A more difficult slitherlink
This one is the same variant as I described previously: all the numbers are outside the loop. This one is larger at least. I don’t know whether it’s actually more difficult other than that.
One aspect I particularly appreciate of well-designed slitherlink puzzles (and this type of puzzle in general: masyu, nurkabe, fillomino and others) is that there is only one solution. This leads to the interesting solving technique that if a proposed addition to the work-in-progress leads to a situation where there are two ways to fill in a section and both are equivalent, then the proposed addition must be wrong, because there cannot be two solutions. This technique is particularly hard to apply, but I’d be very interested in a puzzle that required extensive application of it to find the solution.
In any case, here’s the puzzle. Check the previous post if you don’t know the general rules for a slitherlink.

Okay, this one’s a bit harder than your last. 63 minutes for me, mostly because I kept getting tricked by specific areas without realizing until it was too late.
Nicely designed.
–ih8evilstuff on reddit
Ordinarily, I prefer not to assume uniqueness, since I like to know whether or not a puzzle setter made his solution unique, and to find all solutions if he didn’t. That said, yours is a particularliy good example of when that shortcut can be applied from the very start.

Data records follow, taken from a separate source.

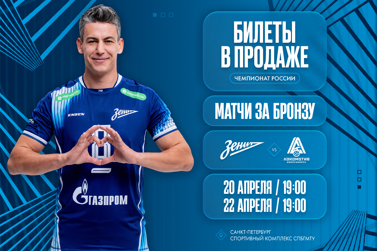 20 и 22 апреля в серии за бронзовые награды Суперлиги «Зенит» сыграет против новосибирского «Локомотива», серия до 3-х побед стартует в Петербурге. Оба матча пройдут в спорткомплексе Санкт-Петербургского Государственного Морского Технического Университета по адресу Ленинский проспект 101 стр.2 в 19.00. Затем серия переедет в Новосибирск. В случае необходимости, пятый матч пройдет в Петербурге 2 мая.
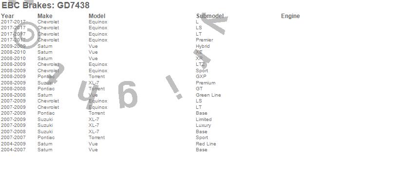 Equinox, Torrent, Vue, XL-7, Chevrolet, Pontiac, Saturn, Suzuki, 2017, 2010, 2009, 2008, 2007, 2006, 2005, 2004
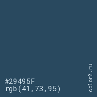 Цвет #29495F в цветовой модели RGB обозначается тремя октетами (41, 73, 95) в десятичном формате и #29495F в шестнадцатиричном (hex) формате, которые являются интенсивностью красного 41 (hex 29), интенсивность зелёного 73 (hex 49) и интенсивность синего 95 (hex 5F).
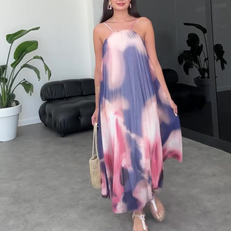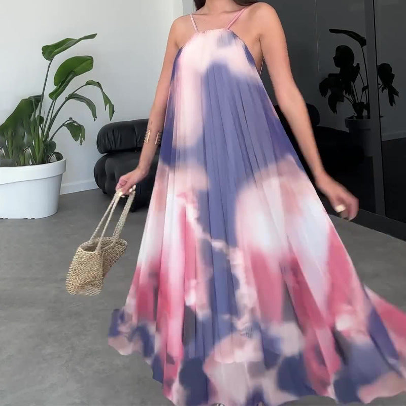 Plataz 2024 Women's Sling Tie-Dye Purple Print Loose-Back Sexy Dress
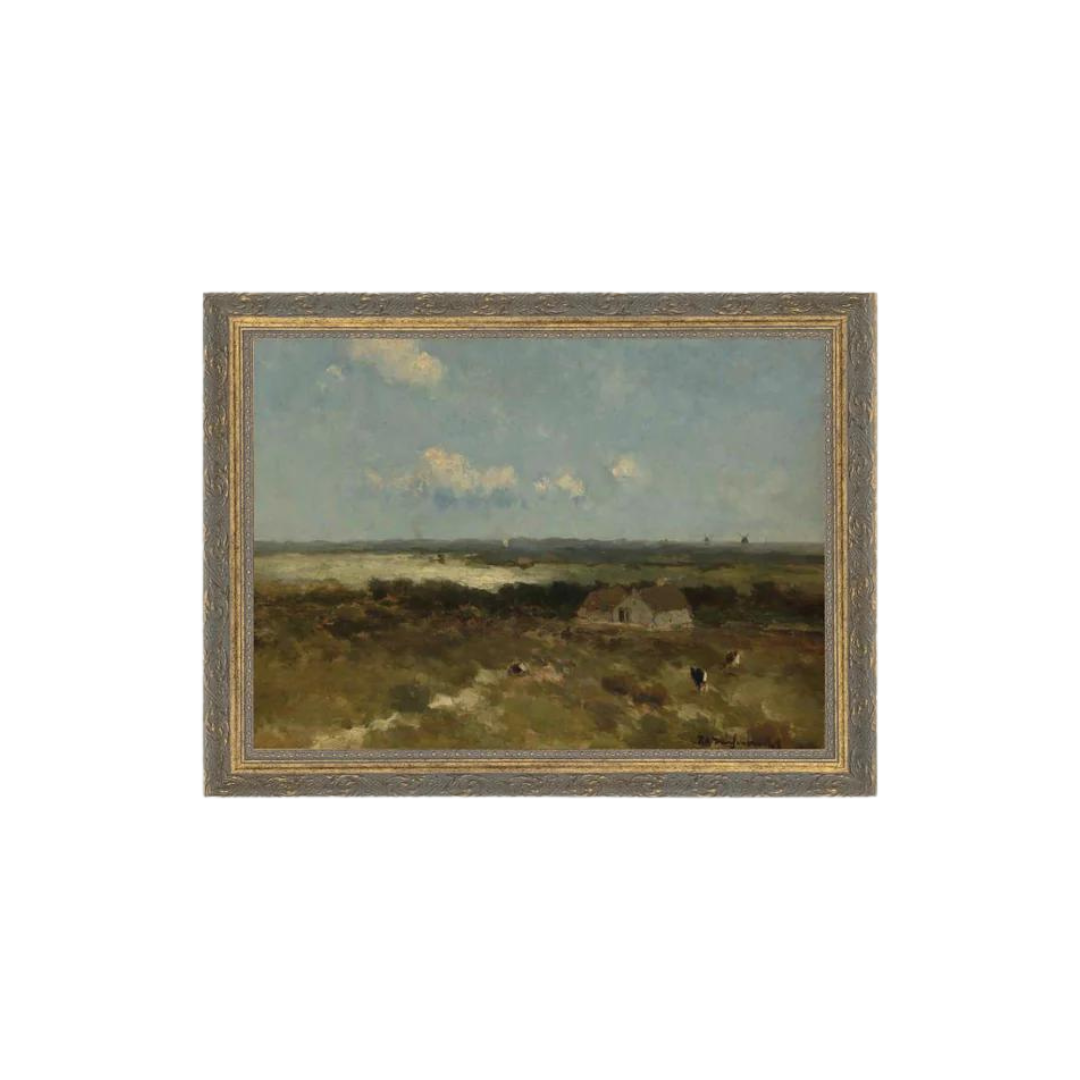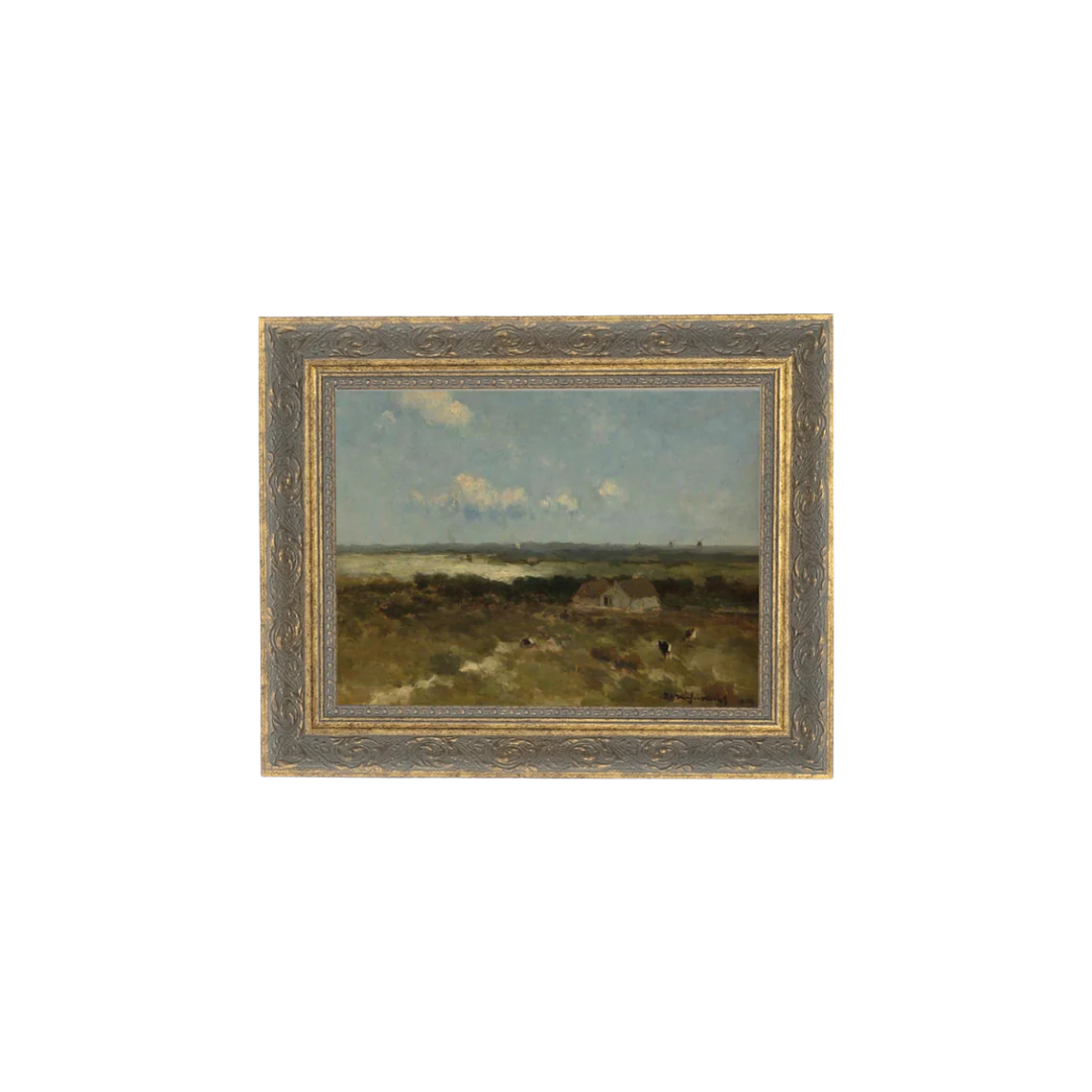 This artwork presents a sweeping view of a quiet rural landscape, with soft clouds drifting across a wide, open sky. The earthy tones and textured brushstrokes capture the beauty of nature and life in the countryside. Framed in a classic, detailed frame, this piece brings the charm of pastoral scenes into focus.
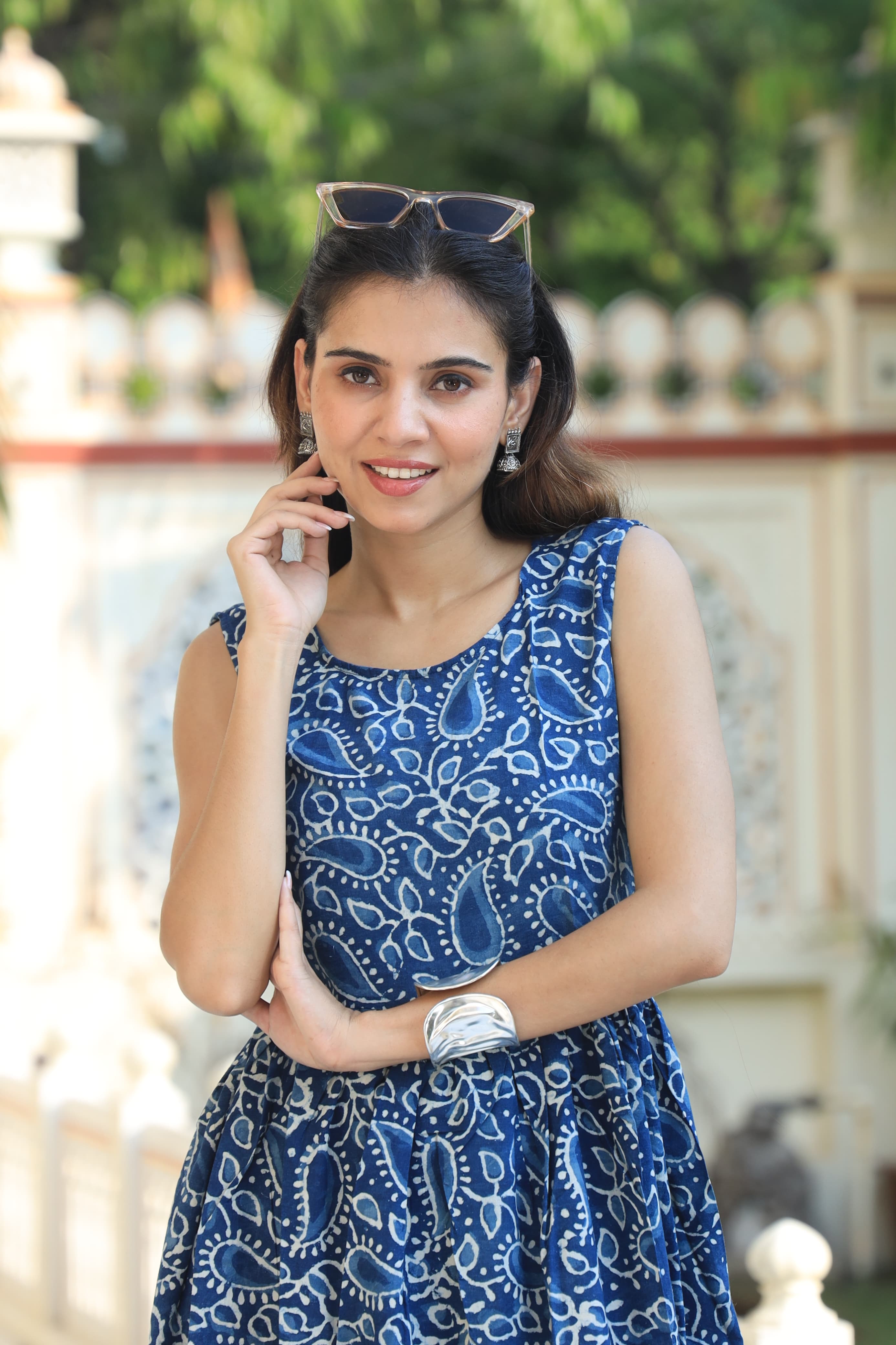This chic blue paisley print fit and flare dress combines timeless elegance with a trendy design. The dress features a beautiful blend of navy blue and white paisley patterns, adding a touch of traditional charm to your wardrobe. The flattering A-line silhouette and sleeveless design make it a perfect choice for casual outings, brunch, or any event where you want to look stylish yet feel comfortable.

In the lower right, the 0, 1, and the other two cells adjacent to both are clearly outside. If the cell below the 1 is inside, then there is no way to know if the corner is inside or outside. Therefore, if the solution is unique, both of those are outside and there is a fence between the one and the cell to its left.
Nice deduction about the cell below the 1. That’s exactly the sort of deduction I find fascinating about the “solution must be unique” aspect. Part of the specification of this slitherlink is that all the numbers are outside, so yes, the 1 and the 0 (and the two cells adjacent to both of them) must be outside.